The most typical domestic activities, traditionally concealed as ‘unproductive’ and ‘servile’ unpaid labor, have become paradigmatic forms of exploitation, to the extent that household management, reproduction, affectivity and care have become, today, the fundamental qualities of the ubiquitous field of labor precarity.[2] In this sense, dwelling itself has been stripped out of its spatial organizations and traditional protective clichés, becoming the most profitable living performance of value production, triggering a progressive hybridization of the domestic space through a parallel and opposite feminization of labor and an internal masculinization of the Existenzminimum.[3] This differentiation indeed is tended to neutralize the life itself.
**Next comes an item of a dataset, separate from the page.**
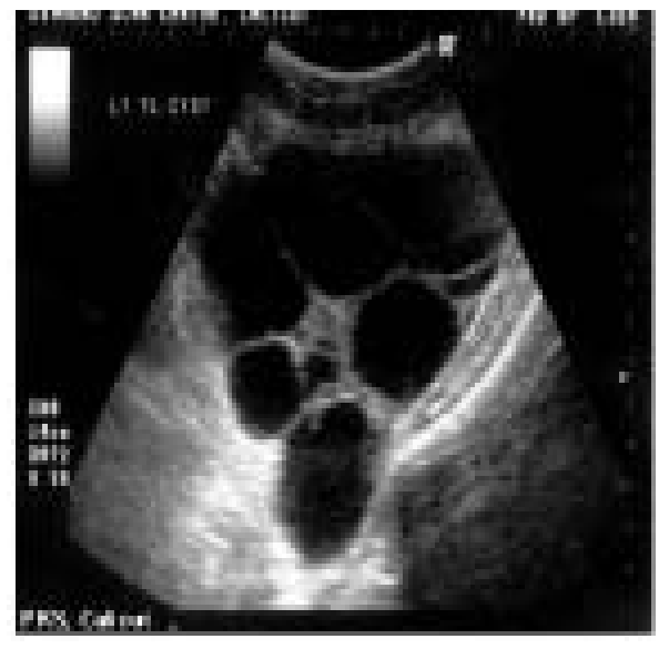
Figure 2.USG theca lutein cysts in hydatidiform mole

The emergence of such forms of life has progressively eroded the strict division between public and private space, blurring Hannah Arendt’s distinction between work, labor and political action. The city becomes at the same time a continuous field of exteriorized publicity and a sequence of autonomous, privatized interiors.

This way of living stands in opposition to the post-war reconceptualization of the domestic space when sets of living norms and standards were formulated into spatial codes that prevailed the architecture of the house. Indeed these norms were political apparatuses though which the state power was applied to the life of the citizens. In this mechanism of control, ‘style’ replaced the ‘living’ itself and citizenship, with its political commitment, was replaced by social norms and public behaviors.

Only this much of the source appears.